I have been with them and the actual safari was "okay" but I had a lot of trouble with them with vouchers. I bought 5 vouchers and used 3 when my friends came over at the beginning of November, I went to use the other 2 at the end of November. On my voucher it says expires 30 November, so I thought it was okay to use on 28 November. I went and booked it and they couldn't find the vouchers, then they found the vouchers and booked the safari for the following day. 2 hours before I was due to leave I got a call from Afridi saying that my voucher wasn't valid as it expired on 14 November. When I looked at the voucher there were 2 dates on it. I wouldn't have bought all 5 vouchers if they weren't valid until the end of November as I knew what dates I needed. I took a day out of my cousin's holiday to go to Afridi in Karama to sort out the voucher in the first place, we came off the beach early the day of the safari only to get home, get ready and be told it was cancelled. He said if we wanted to go we would have to give the driver the money (AGAIN? as I had paid for the voucher).

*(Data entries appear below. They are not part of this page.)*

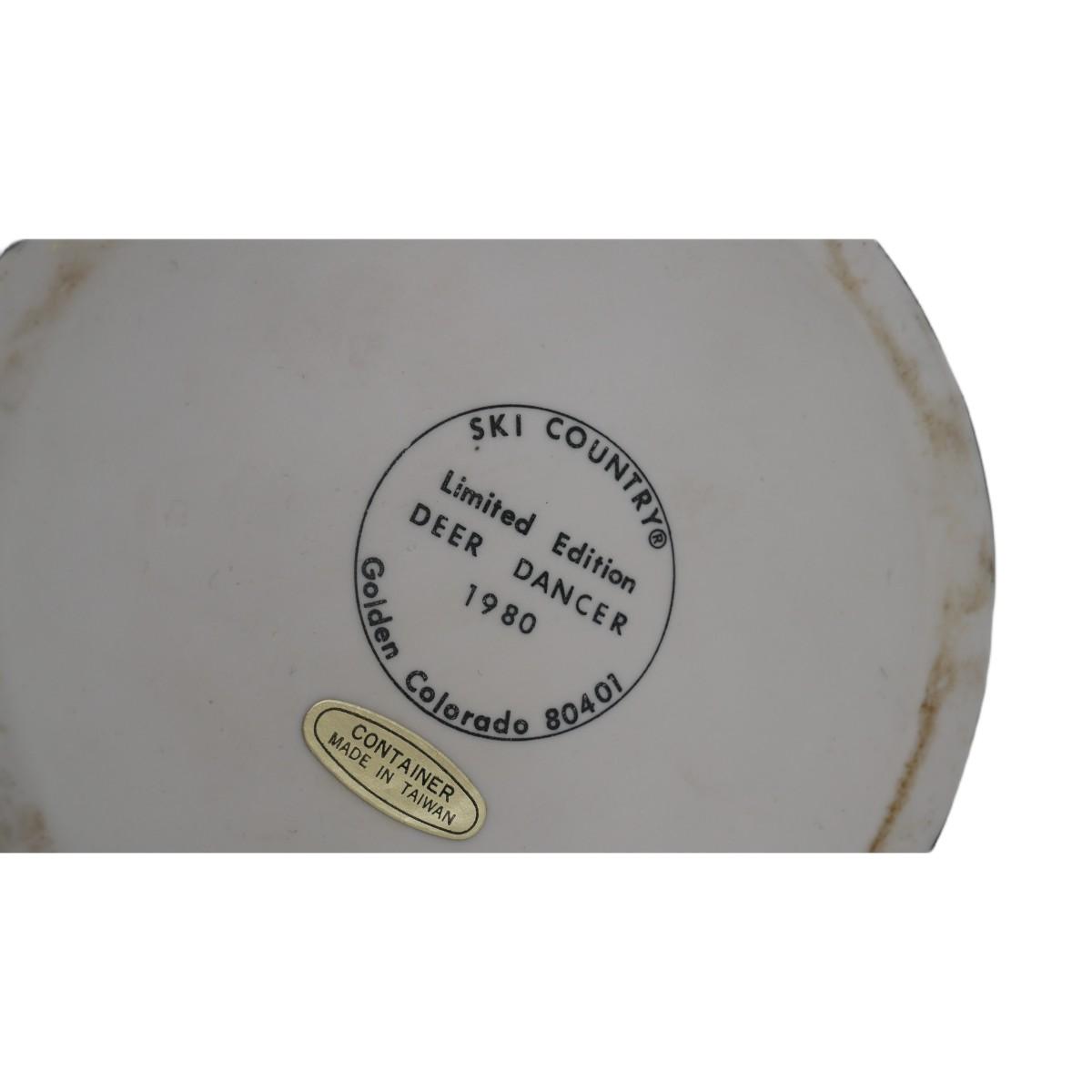 Vintage limited edition Native American "Deer Dancer" 1980 Ski Country Kentucky straight bourbon whiskey ceramic decanter. Bottle is empty and lid is sealed shut. This piece is for decorative purposes only. Measures L 5" x H 13.5". Weighs 2 lb 8 oz. (C89)
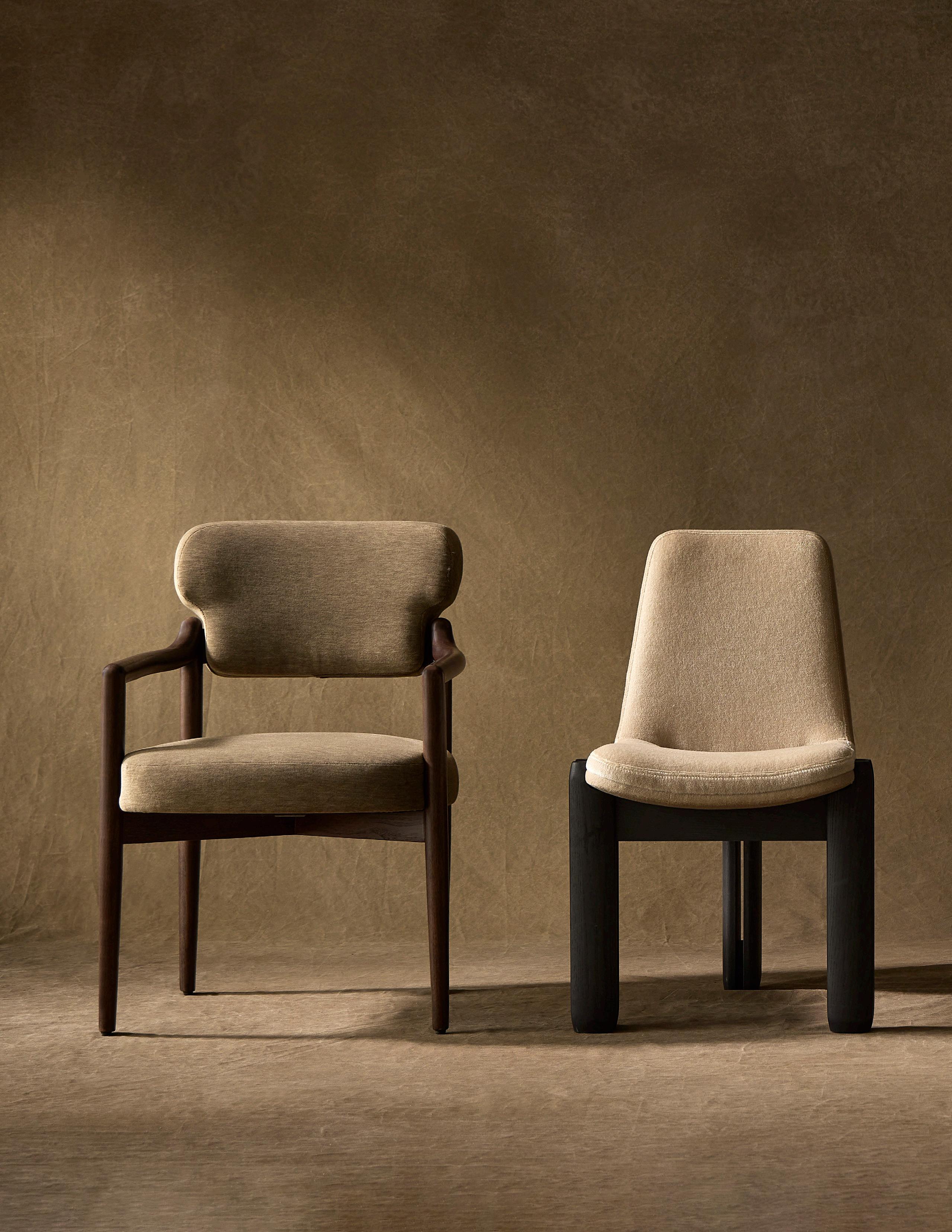 Exceptionally detailed and thoughtfully balanced, the Lina dining chair’s inviting proportions encourage exploration. Versatile, elegant, and designed for comfort, Lina’s finely turned and tapered legs delicately contrast its substantial upholstered seat and back. Defying aesthetic categorization, its curved arms offer ergonomic comfort while highlighting its intentional composition and exposed connections. Lina is offered in oak and walnut in a range of fine finishes, with COM upholstery.
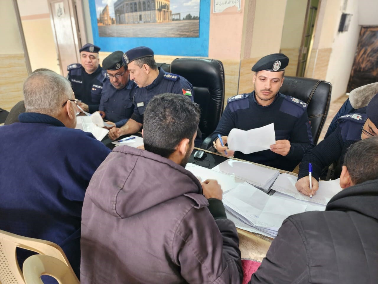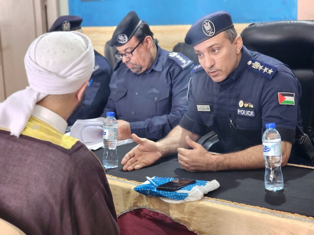 استقبل مدير عام إدارة شرطة المرور والنجدة العميد تامر شحادة، عدداً من المواطنين والسائقين، واستمع إلى استفساراتهم وشكاويهم، يوم الثلاثاء، في مقر شرطة مرور محافظة الوسطى.

The actual safari itself the first time round was okay, they were late turning up (by an hour at least) and when we got there other safaris had booked tables for their clients we were left with whatever we could get available - so no I would not recommend them.


----------



## DebbieT11 (Jul 26, 2012)

Thank you for the recap of your experience with them..... first-hand experience always helps me form an opinion. And I also appreciate the suggestion of the Entertainer book - we did buy it at the Dubai Christmas Festival, and it certainly has a number of certificates in it that we'll use. Of course, there will be a brazillion of them that we won't use, and I"m happy to share those, sort of spread the love around a bit!


----------